Общее знамя, разная культура.


С авгинами было еще сложнее, ведь их традиции и практики были покрыты туманом даже среди сигонийцев.  


Мёд делают пчелы – все это знают. Но как они его делают - известно лишь пчелам. 

Миролюбивых пчел, что копаются своими пушистыми телами в ароматной цветочной пыльце, слишком часто путали с опасными осами – и в этом была особо чудовищная трагедия.  


Рацио пришлось проводить в сети, в библиотеках, в архивах неприличное количество времени, чтобы найти ответ на простой вопрос – что Авантюрин делает? 

Лишь бы только не навредить. Лишь бы не задеть, не коснуться слишком грубо, не спросить слишком откровенно, рискуя повредить драгоценное и хрупкое, столь редкое и столь ценное, что казалось, может не выдержать неуёмную жажду познания.


Когда Рацио таки находит ответ вскользь, легкое упоминание на форуме черт-знает-летней давности, с указанием справочника условно-общих традиций среди всех сигонийских кланов, который написан идиотами для идиотов – тогда в Рацио трещит каменная табличка с отличием по эрудиции. Если бы её, как реальный объект, можно было бы разломать и швырнуть в мусорку, подобно архитектурным чертежам, то Рацио это бы сделал в то же мгновение, не отходя от терминала. 


Вместо этого, впрочем, он покупает через сеть у сигонийского торгаша со складом на границе звездного нигде, дорогущий набор традиционно-сигонийских, натуральных красок по дереву. 

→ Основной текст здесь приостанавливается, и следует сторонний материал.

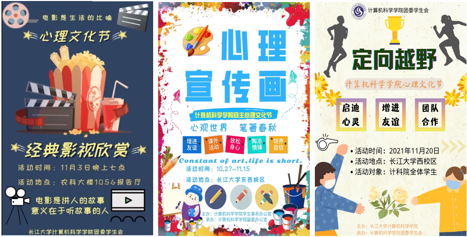 第六届心理文化节。此次文化节由三个子活动组成,分别是:沉浸心灵之旅——观影活动、共筑“心”青春——心理宣传画活动、智慧启迪心灵——定向越野活动。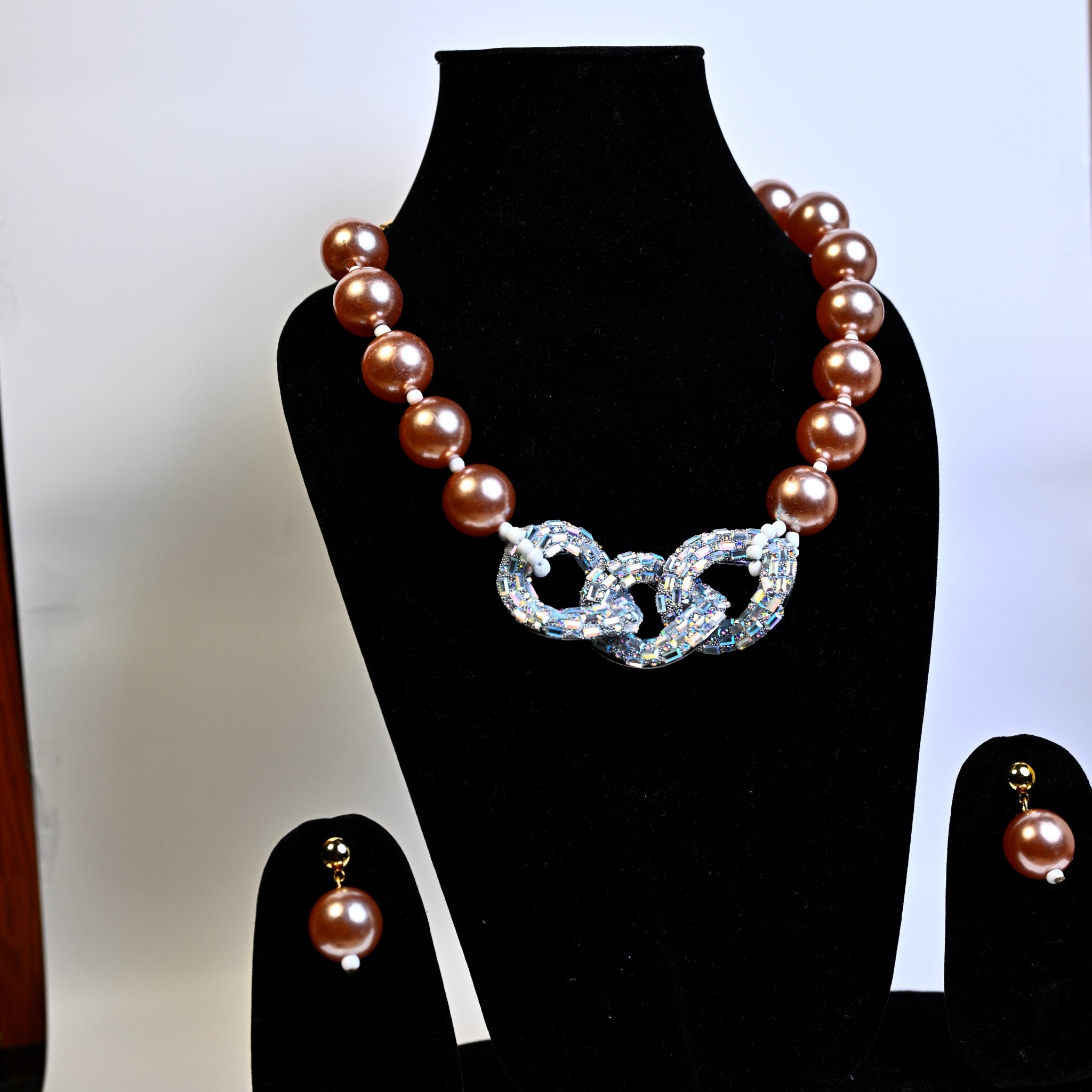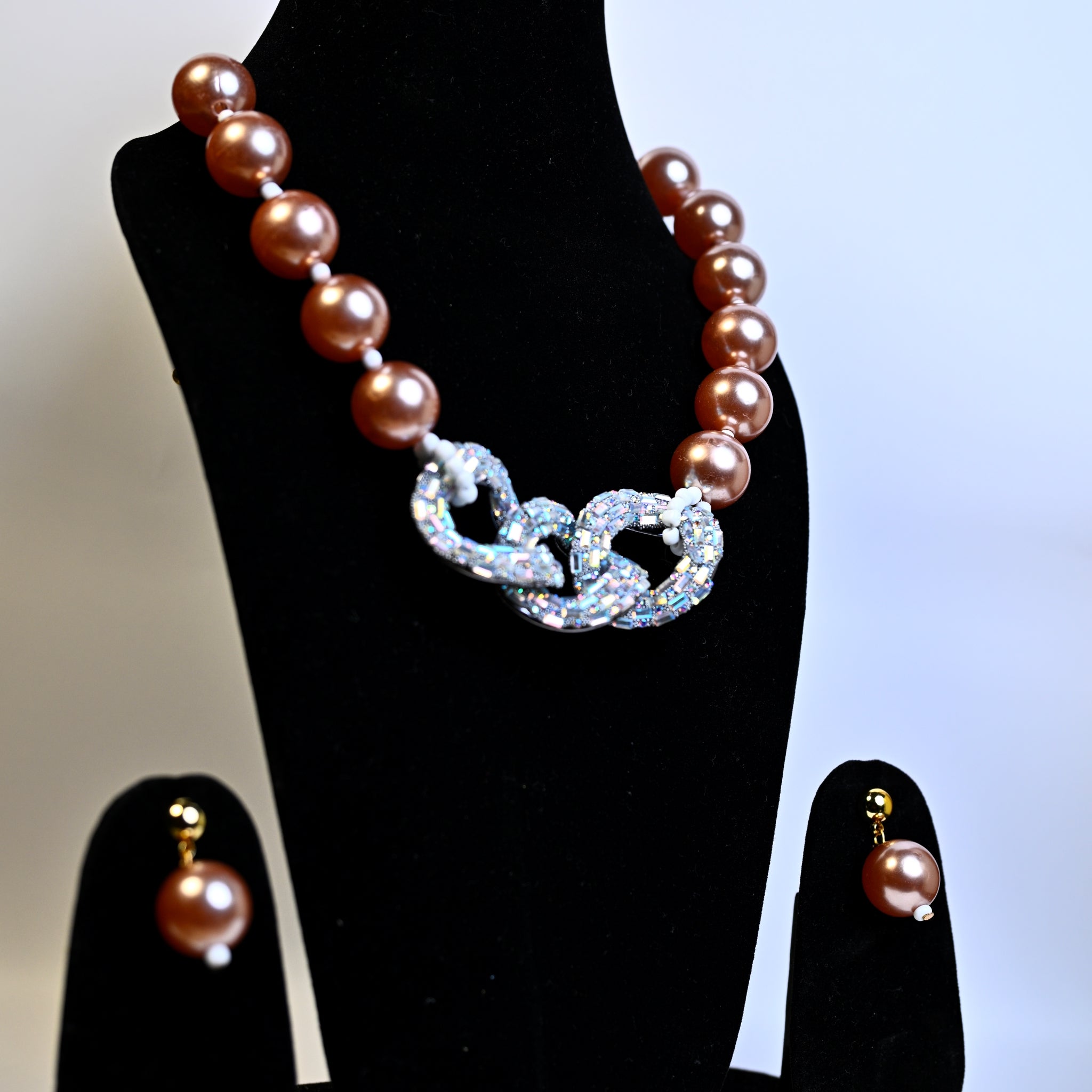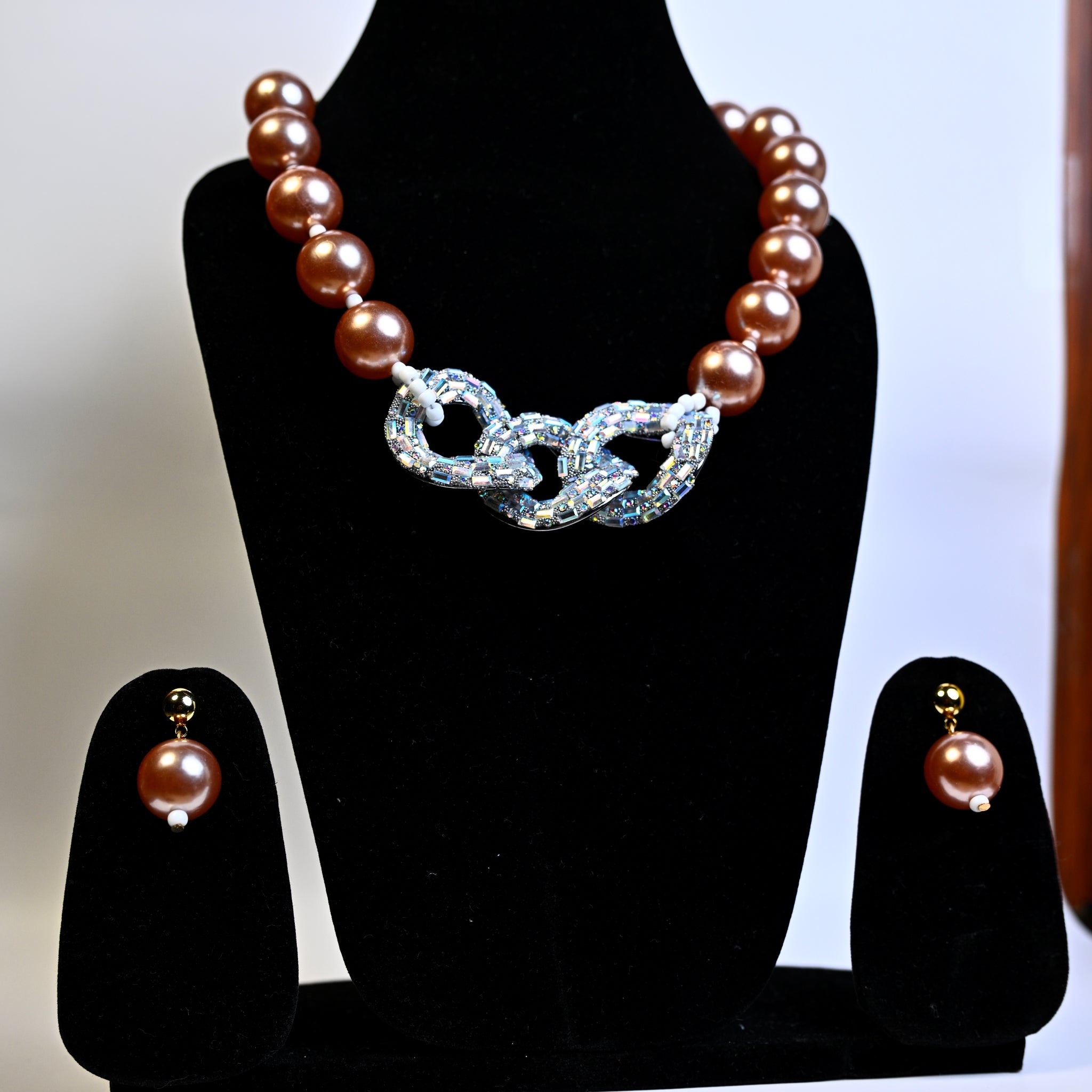 Chocolate Brown Synthetic Pearl/Glass Crystal Cluster Necklace & Drop Earrings Set

Когда Рацио ставит весь этот набор в старомодном деревянном ящичке с резными узорами, прямо на журнальный столик перед Авантюрином, тот вскидывает светлые брови.

  

Свободное худи с ромбовидными орнаментами, свободные домашние штаны на резинке и отросшие до того, что лезли в глаза волосы: однажды, когда Авантюрин заглянул в зеркало, он сказал, что не отращивал так волосы с самого раннего детства. 

Растрёпанный, домашний и неземной, просто потому что ничто земное не может быть таким идеальным - Авантюрин смотрел на Рацио своими удивительными глазами, широко раскрыв рот, так и не засунув туда не очень полезный в его положении, но чертовски питательный снэк. 


Рацио прочищает горло, прежде чем сесть на диван рядом с ним:


- Мы можем раскрасить бусы вместе, когда ты закончишь.


В их общей квартире темная, очень простая гостиная, как и весь интерьер – приглушенные цвета, невзрачная, но комфортная мебель. У Авантюрина и Рацио общие вкусы, общие потребности, практически общие ценности и комфортное ощущение повисшей тишины.

Выражение лица Авантюрина становится насмешливо-счастливым, и он все-таки кладет в рот несколько картофельных чипсин, от пачки с которыми веет ароматом соли и уксуса:


- Ты что, залез в поисковик?


- Да. – Поражение из-за собственной глупости не горькое, даже не кислое. Рацио передергивает плечами и ловит пакет со снэком, когда Авантюрин резво подхватывает шкатулку с журнального столика - осматривает её со всех сторон, щупает пальцами с интересом, заглядывает внутрь, обнаруживая там стеклянные флаконы с приглушенными, едва различимыми оттенками переливающихся подобно звездам цветов. 


Щурится, цокает языком: 


- Ну, если продавец тебе не обещал, что эти пигменты снимут порчу и даруют удачу, то вполне неплохо.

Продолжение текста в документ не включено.